YOSEMITE VALLEY California
Annual Visitors: Nearly 4 million
Worst Crowds: June to September
Claim to Fame: It’s the world’s most stunning glacial trough.
Yosemite isn’t quite the oldest bit of hallowed earth in the U.S. National Park System (that honor goes to Yellowstone). But its namesake valley — a certified Shangri-La swaddled in glacial-carved peaks, towering granite walls and half-mile-long waterfalls — is what sparked the concept of a national park in the first place, back when Abraham Lincoln granted the valley to the state of California.
Now You Know: Yosemite Valley is home to most of Yosemite National Park’s famed waterfalls, which are at their most active in the spring.
And no wonder: A whole host of Ansel Adams calendar images are gathered here in one incomparable, wide-angle-lens–defying setting. First-timers driving through the park’s Wawona Tunnel and pulling over to view it all at that first mandatory overlook tend to utter the same three words in chorus: “Oh. My. God.” The one rub: It’s a large chorus.

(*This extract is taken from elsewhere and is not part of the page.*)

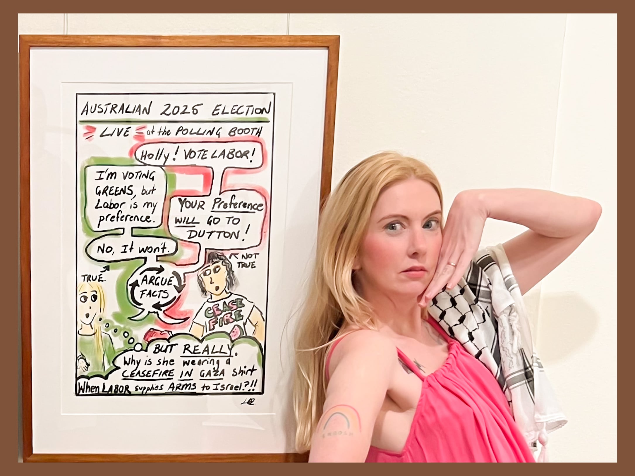In a passionate reflection, Holly highlighted the disconnect among voters regarding critical issues, saying, “Labor voters who strongly agree with a ceasefire in Gaza are complacent about Australia supplying weapons parts being used in the conflict. Those supporters seemed unable to make the connection.”

“We estimate that 90 percent of the visitors to Yosemite National Park come to Yosemite Valley at some point during their trip,” says the park’s public-affairs officer, Kari Cobb. “And about 4 million people visit the park annually, so that’s a lot of folks congregating in a seven-mile-long-by-one-mile-wide canyon.”
The crowd-avoiding remedy, suggests Cobb, is twofold.
Step one: If at all possible, do that mandatory valley visit on a Monday or Tuesday during either of the shoulder seasons (early spring, late fall) before or after the summer crowds hit and when those residual weekend masses have pulled out. “Winter is an even better bet,” Cobb adds. “It’s absolutely stunning here, and the crowds are as thin as they’ll get.” To wit: Last year’s August attendance at Yosemite was nearly 700,000. January’s was a mere 100,000.
Step two: Lose the congestion on one of the valley’s lesser-known trails and beyond. For a quick escape, Cobb recommends the short Snow Creek hike hiding behind Mirror Lake (which dries up and becomes Mirror Meadow in the summer and fall months) — or for a longer one, the relatively flat, relatively unpopulated 13-mile Yosemite Valley Floor Loop trail. Better yet, check out the rest of the 761,266-acre park. Laced with over 800 miles of hiking trails, Yosemite’s vast backcountry will convince road-less-traveled types that much of this place is still a well-kept secret. “Tuolomne Meadows is an easy, beautiful drive through the park from the valley,” Cobb notes. “It’s gorgeous in its own right, and, as far as the crowds go, you’ve lost them.”